EXERCISE INPUTS below:

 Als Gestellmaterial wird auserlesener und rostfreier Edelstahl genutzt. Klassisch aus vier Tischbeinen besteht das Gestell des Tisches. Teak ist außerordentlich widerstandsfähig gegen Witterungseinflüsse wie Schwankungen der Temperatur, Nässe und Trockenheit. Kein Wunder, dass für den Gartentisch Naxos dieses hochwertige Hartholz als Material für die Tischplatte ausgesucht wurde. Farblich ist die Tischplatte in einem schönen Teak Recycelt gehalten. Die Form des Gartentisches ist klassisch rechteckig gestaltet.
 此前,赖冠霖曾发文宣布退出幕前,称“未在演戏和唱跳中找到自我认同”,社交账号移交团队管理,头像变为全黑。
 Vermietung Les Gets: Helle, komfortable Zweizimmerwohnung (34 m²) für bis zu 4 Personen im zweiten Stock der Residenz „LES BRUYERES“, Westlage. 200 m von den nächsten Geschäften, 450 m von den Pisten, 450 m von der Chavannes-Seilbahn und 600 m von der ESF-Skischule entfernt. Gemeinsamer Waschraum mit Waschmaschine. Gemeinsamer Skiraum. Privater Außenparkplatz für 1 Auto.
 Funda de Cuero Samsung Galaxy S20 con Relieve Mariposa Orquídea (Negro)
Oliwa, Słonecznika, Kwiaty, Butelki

End of EXERCISE INPUTS.
EXERCISE INPUTS below:

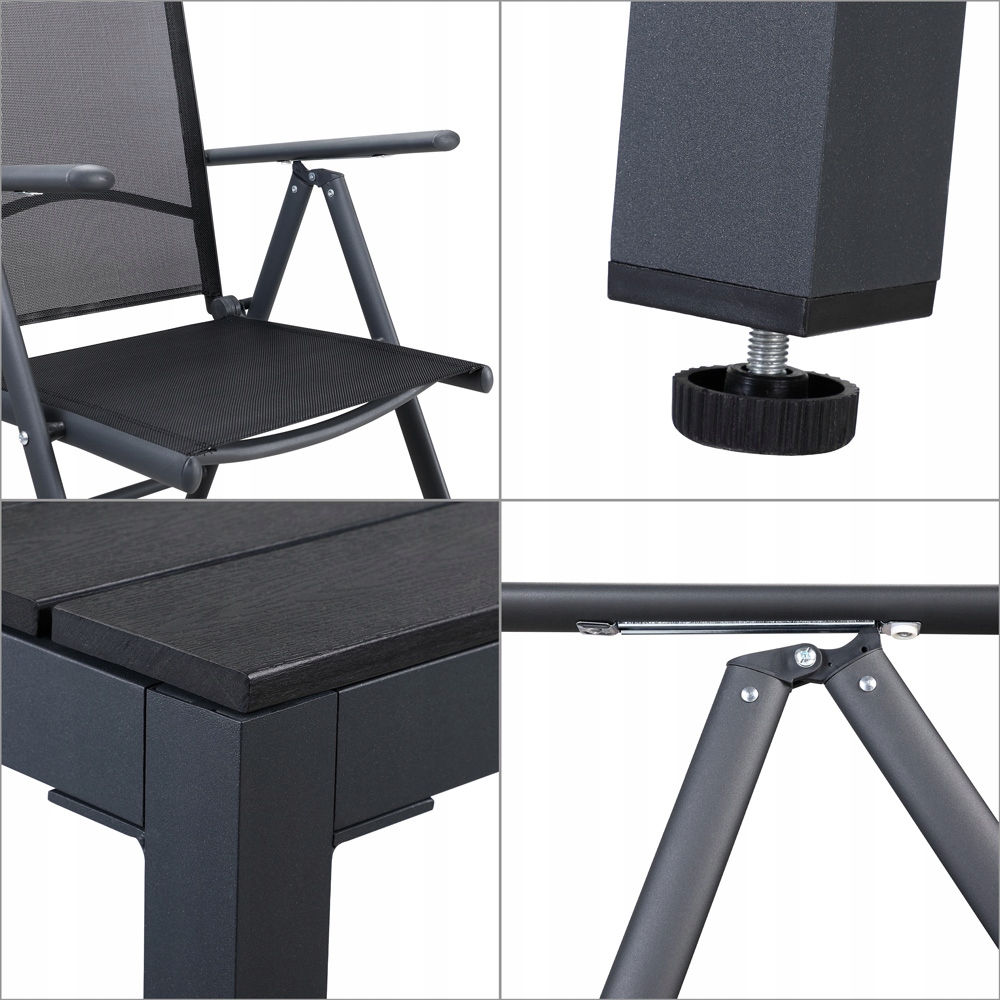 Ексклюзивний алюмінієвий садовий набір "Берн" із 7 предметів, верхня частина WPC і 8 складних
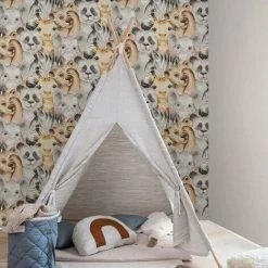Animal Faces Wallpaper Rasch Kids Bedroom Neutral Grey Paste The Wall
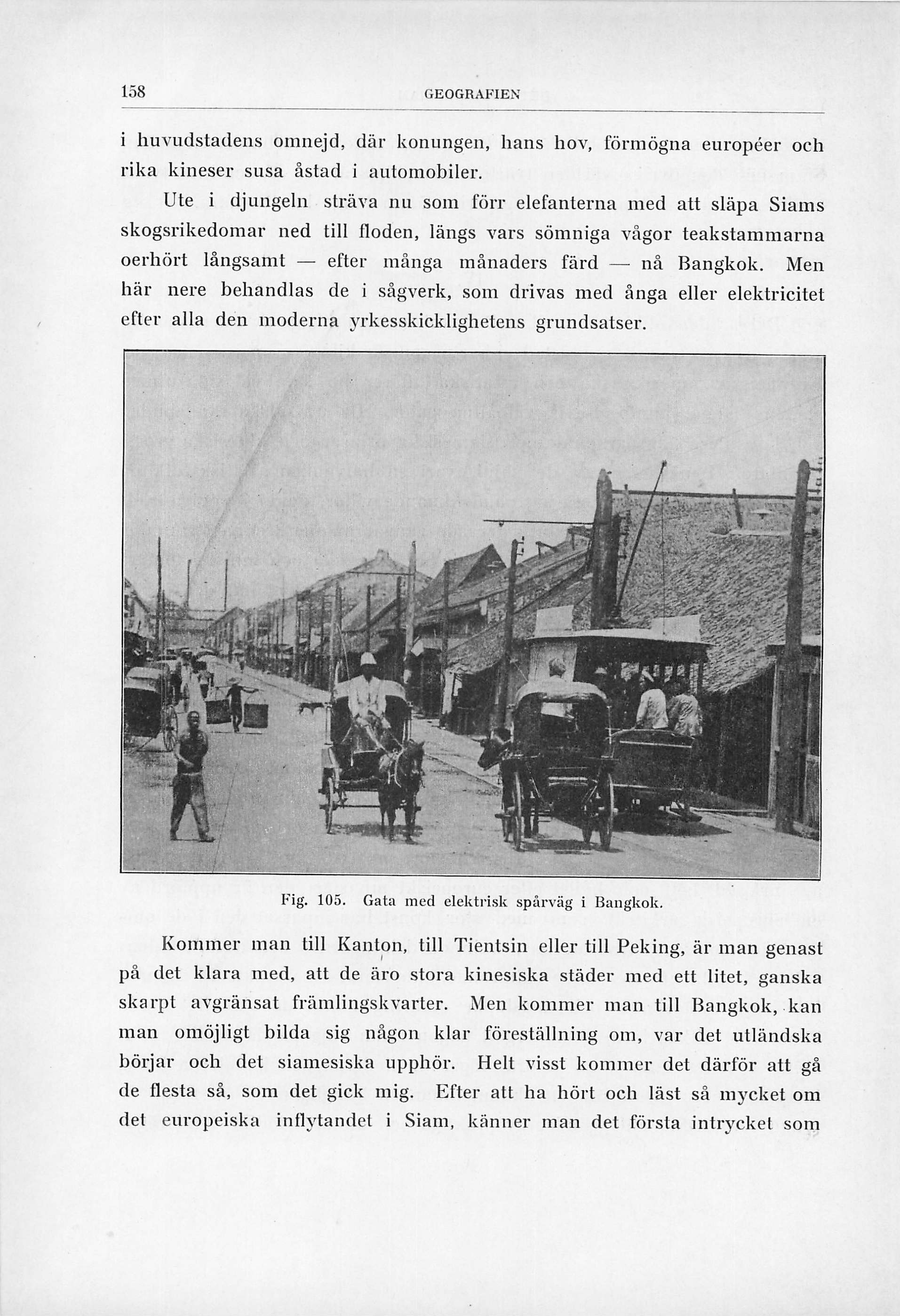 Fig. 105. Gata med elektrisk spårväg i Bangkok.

End of EXERCISE INPUTS.

EXERCISE GOAL: I'd like the lines above repeated exactly, from the one that contains "Ексклюзивний алюмінієвий садовий" through the one that contains "Fig. 105. Gata", with no pictures.

SOLUTION:
 Ексклюзивний алюмінієвий садовий набір "Берн" із 7 предметів, верхня частина WPC і 8 складних
Animal Faces Wallpaper Rasch Kids Bedroom Neutral Grey Paste The Wall
 Fig. 105. Gata med elektrisk spårväg i Bangkok.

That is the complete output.